Can a US citizen be deported from the country?
Under the 14th Amendment to the US Constitution, the government cannot revoke the citizenship of a natural-born US citizen. Generally, also a naturalized US citizen cannot be deported. However, there are certain circumstances where a naturalized citizen might be stripped of their citizenship – this act is known as “denaturalization”, and may even lead to deportation. The federal government will demand a high level of proof when attempting to revoke an individual’s naturalization. The following acts might cause the US authorities to denaturalize and deport you from the US:
- Misrepresentation or concealment of material facts – this may occur if you deliberately deceived the US immigration authorities in your naturalization application interview about material facts. For example, if you deliberately concealed the fact that you were previously convicted of a serious crime in another country.

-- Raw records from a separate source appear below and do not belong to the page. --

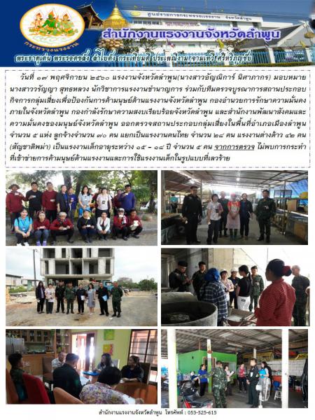 สรจ.ลำพูน ร่วมกับทีมตรวจบูรณาการสถานประกอบกิจการกลุ่มเสี่ยงในพื้นที่อำเภอเมืองลำพูน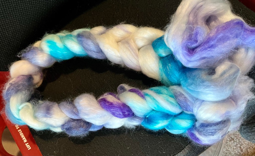 So, when I found this blended braid hanging in a vender’s booth at the retreat, the soft feel of it and the lovely colors spoke to me. I’m glad it did.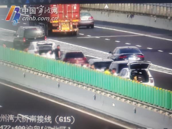 事情要從6月17日說起,當時沈海高速往寧波方向前洋互通轉臺州方向匝道口處,也就是距寧波北收費站兩公里的地方,因車流量過大,車輛之間跟車過近,追尾事故就這樣發生了。而且,這一出事故,一下就是兩起,涉及五輛小車。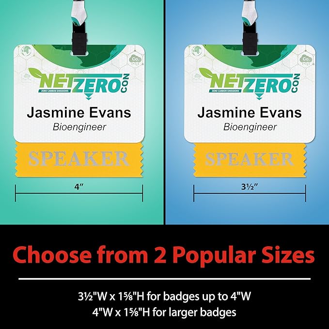 - VARIETY OF SIZES: Choose the fit that fits your needs with our two sizes of horizontal badge ribbon. Whether you prefer our most popular conference size of 4 x 1-5/8" or a smaller 3-1/2 x 1-5/8" size, these badge ribbons have you covered.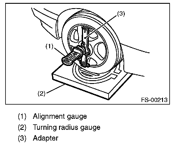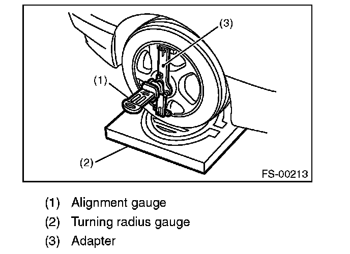1) Place the front wheel on the turning radius gauge. Make sure the ground contact surfaces of the front and rear wheels are at the same height.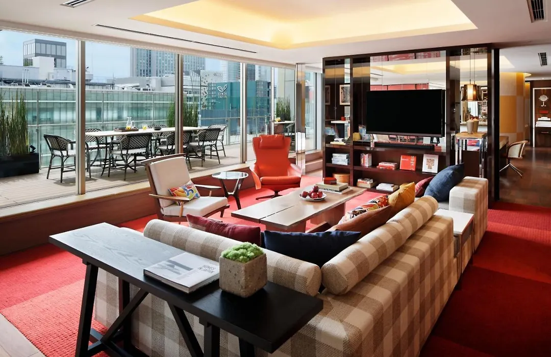 The hotel offers 164 guestrooms with premium bedding, air conditioning, complimentary WiFi, and amenities like minibars and LCD televisions. Richly patterned red window screens etched with images of Ginza enhance the decor throughout the property.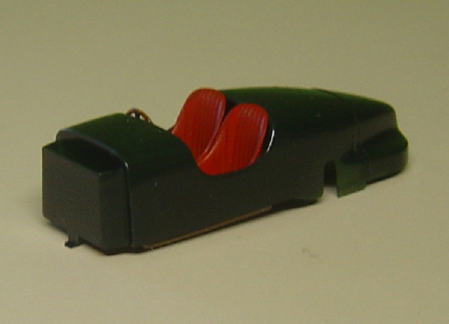 Das Deckelbild zeigt einen grünen Wagen mit roten Sitzen. Der Farben Plan zeigt einen blauen Wagen mit grauen Sitzen.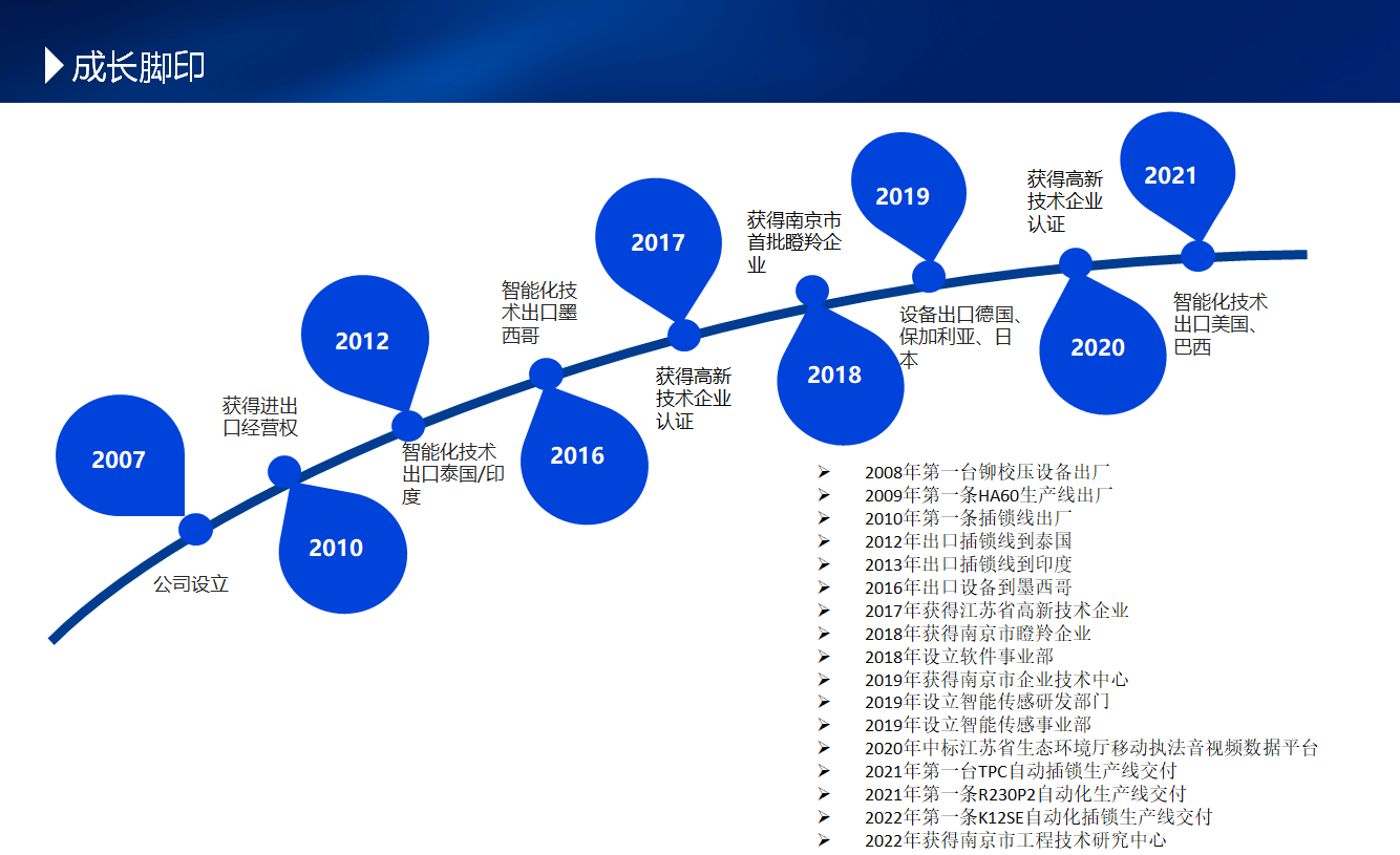 我司成立于2007年,在2008年第一台铆校压设备出厂,在09年第一条HA60生产线出厂。在2010年,公司获取了进出口经营权,同年,第一条插锁线出厂,至此,我司开始为出口设备努力研发,于2012年,我司将插锁线出口至泰国,正式开始设备出口出售,出口至泰国、印度、墨西哥等地。

- Illegal procurement of naturalization – if you obtained your citizenship illegally (e.g. through fabricating evidence), then that citizenship will be revoked because you did not meet or failed to comply with all of the statutory requirements for naturalization in the first place.
- Membership in prohibited organizations – if you became a member of or affiliated with certain prohibited organizations within 5 years after your naturalization process, your citizenship can be revoked. These organizations typically include terrorist groups or organizations involved in advocating or engaging in violence against the US.
What are the reasons for deportation from the US?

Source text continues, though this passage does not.